Racing Strategy: Pacing, Heat, and Terrain

The Chianti Ultra Trail presents a specific strategic challenge that separates smart runners from fast ones. Here's what the 2026 results reinforce about how to approach this kind of course.

  • Early conservatism pays dividends late. The race opens with tempting, runnable terrain through the vineyards. Athletes who overcook the first 30 kilometers consistently lose time in the back half. Dauwalter's even-effort approach through the opening section set up her strongest miles from kilometer 70 onward.
  • Heat management is non-negotiable. Late March in Tuscany doesn't mean mild conditions. Exposed sections of the course in midday hours demand a hydration and cooling strategy that you've rehearsed in training. Sodium loading and consistent fluid intake across aid stations are not optional at this distance in these conditions.
  • Technical descents are where races are won or lost. The Chianti course includes descents on loose, rocky single-track that punish hesitation and reward practiced foot placement. Quad preservation on early descents directly determines your ability to push on the final climbs. Running the downhills aggressively before kilometer 60 is a common mistake that shows up on finish times.
  • Know your nutrition window. At 120 kilometers, you're looking at roughly 10 to 13 hours for competitive athletes. That timeline requires a structured fueling plan that doesn't rely on appetite as a signal. By hour six, your stomach's feedback isn't reliable. Scheduled intake based on time, not hunger, keeps your energy system functional through the final third.

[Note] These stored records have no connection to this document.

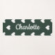 This dark sage green yoga mat features a chic white hearts pattern and a stylish personalized name in retro script. Perfect for fitness enthusiasts who love modern, aesthetic workout gear. Contact the designer for help with matching products, personalization and customization.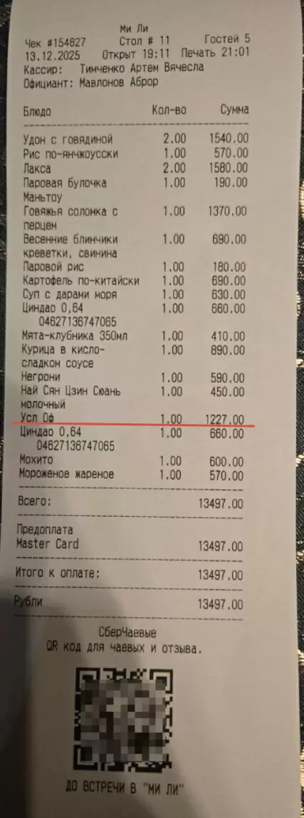 Когда взгляд падает на строку вроде Усл Оф и видим сумму, которую меню не предлагал, в голову приходит мысль о том, как простые траты могут превращаться в небольшие проверки на прозрачность. В таких моментах полезно сверить позицию с меню и датой визита, чтобы понять, есть ли место для уточнения и исправления.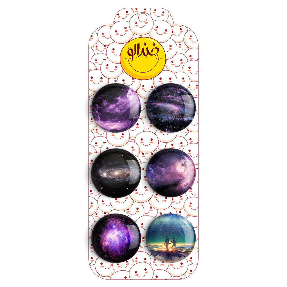 پک 6 عددی مگنت یخچال خندالو طرح کهکشان با روکش سلفون مات حرارتی مخملی ضدخش و قطعه پشتی فلزی تولید شده است که آهنربای اتمی بکار برده شده در محصول، بصورت مخفی تعبیه شده ودیده نمی شود. ضمن اینکه گیرایی بسیار بالایی داشته و به هیچ عنوان از روی یخچال نمی افتد. نکته مهم این است که به دلیل مخفی بودن آهنربا، هیچگونه خط و خش و زدگی بر روی یخچال ایجاد نخواهد شد.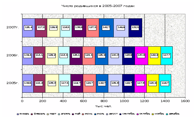 В январе-сентябре 2007 года родились 1178,1 тыс. детей, что на 72,6 тыс. детей (на 6,6%) больше, чем в соответствующем периоде 2006 года. Коэффициент рождаемости (число родившихся на 1000 населения) за девять месяцев 2007 года – самый высокий за последние 15 лет.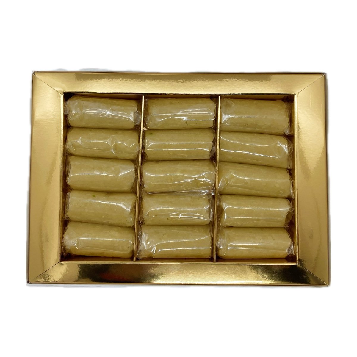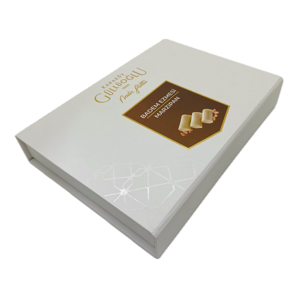 Karakoy Gulluoglu يقدم نسخته اللذيذة من المارزيبان. يتم صنعه يدويًا باستخدام اللوز المطحون ناعماً، السكر، والماء، ثم يُمزج لخلق القوام المثالي قبل الطهي. غالبًا ما يُستمتع بالمارزيبان مع الكعك، الحلويات، أو حتى بمفرده مع فنجان من القهوة أو الشاي. أيًا كان تفضيلك، استعد لتجربة استيقاظ لذيذ لحواسك مع هذه الحلوى الحلوة والمكسراتية.
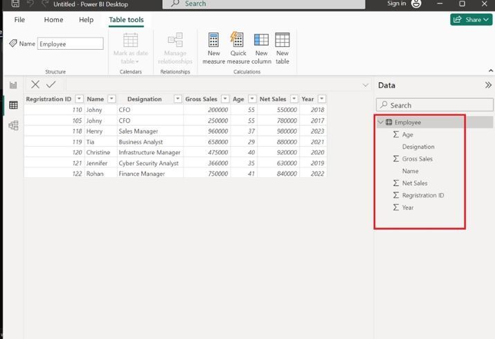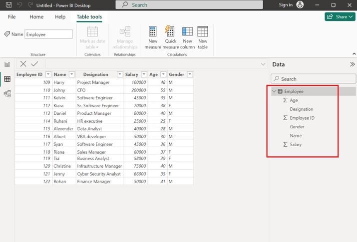 開啟 Power BI 桌面,並考慮包含以下六列的示例資料集“員工”−
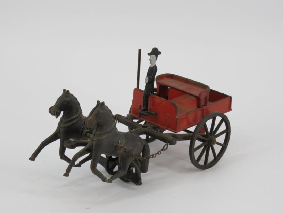 SoldLARGE WILKINS CAST IRON 2 HORSE DRAYNice early cast iron Wilkins dray. Paint is all original and there are no cracks or repairs. The driver is an antique cast iron figure, but is not for this toy. The toy looks like it will clean to a hSee Sold Price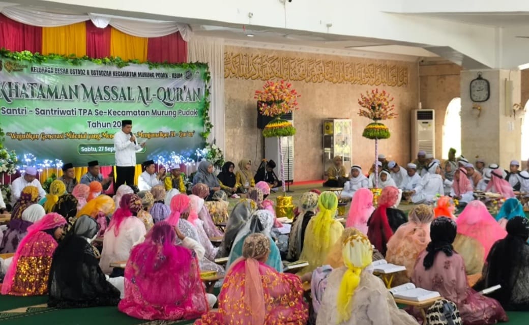 WARTABANJAR.COM, TANJUNG – Sebanyak 96 anak didik Taman Pendidikan Al Quran (TPA) melaksanakan khataman massal yang diselenggarakan oleh Keluarga besar ustadz dan ustadzah se Kecamatan Murung Pudak di Masjid At Taqwa, Kelurahan Belimbing, Tabalong, Sabtu (27/9).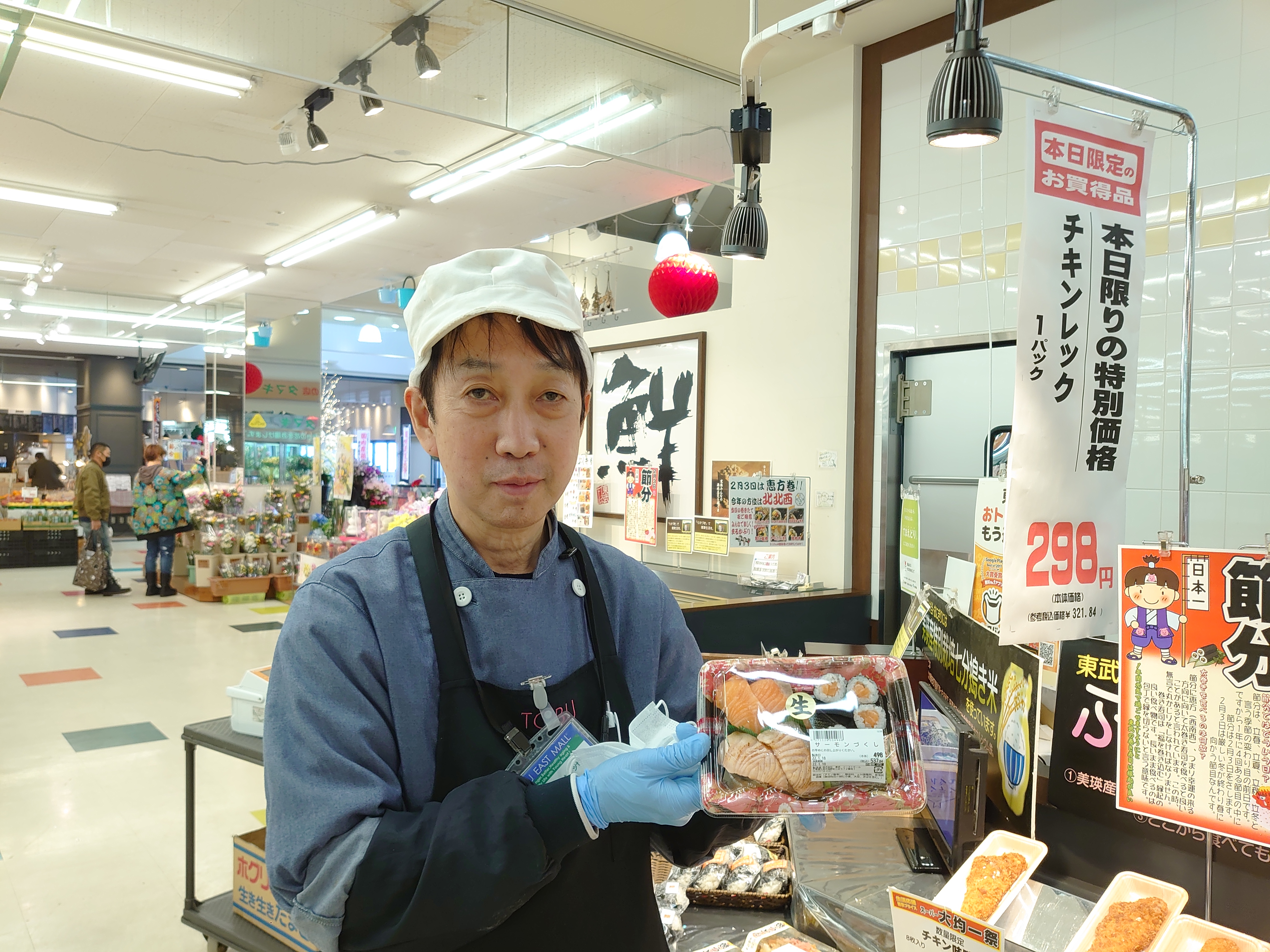 おはようございます。惣菜担当田中です。サーモン寿司、炙りサーモン寿司各2巻とサーモン細巻き4巻入ってますのでサーモン好きな方にはたまらないですね。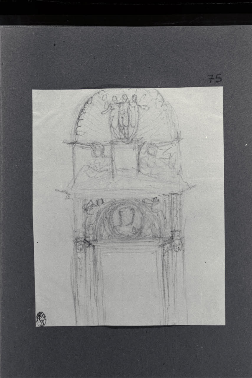 - NOTIZIE STORICO CRITICHE Il disegno fa parte di un album Vallardi del 1840, di dimensioni mm 254 x 295, sulla cui copertina in pelle marrone chiaro è incisa l'iscrizione in lettere capitali dorate "Paolo Landriani / milanese / e suoi contemporanei / nell'arte prospettica valentissimi / questi loro disegni / Giuseppe Vallardi / raccolse per tramandare / co' passati maestri a' futuri / la stabile rinomanza / della scuola lombarda / l'anno MDCCCXL". Ogni singolo disegno è incollato a un foglio dell'album di carta di colore grigio-azzurro.\nLo schizzo, seppur sbrigativo, presenta similitudini con altri disegni, di analogo soggetto, attribuiti a Landriani e custoditi negli album Vallardi.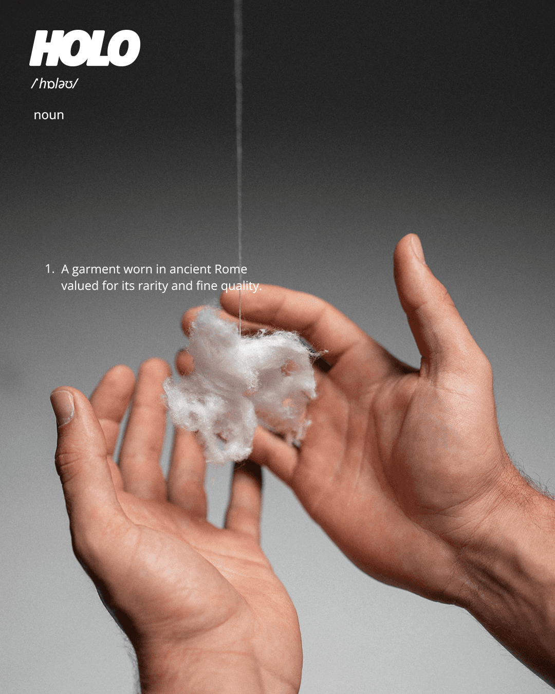 A campaign designed to blur the line between the product and the person wearing it. In HOLO, I wanted to show the process, not just the result: colors born from materials, studio textures, traces of real work. A sensory art direction — where you can feel the touch, the energy, the calm. Behind every piece, there are real people, conscious choices, and a pursuit of connection between body, matter, and movement.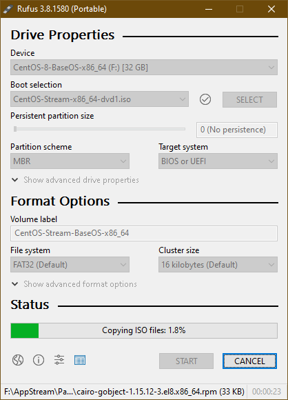 Making a Bootable USB Thumb Drive of CentOS 8 Stream:

What Comes Next for the Golden Ticket Holders

Dauwalter and Cardin now hold confirmed entries to Western States 100, scheduled for the final weekend of June 2026. For Dauwalter, it's a return to a course where she has already built a dominant record. Her Chianti performance suggests she's approaching this year's edition with intent, not just participation.

For Cardin, the Western States start line represents a significant opportunity. The race draws the deepest men's field in American ultrarunning, and a sub-10-hour 120K performance in Tuscany earns him real credibility in that field. His race management at Chianti, specifically his pacing consistency across the back half, is the kind of metric that translates well to the Sierra Nevada canyons.

The 2026 ultrarunning season is still early. But if you're tracking who's building toward peak form at the right time, Dauwalter's March 23 result in Tuscany belongs at the top of your notes. The work is clearly already done. What's left is the racing.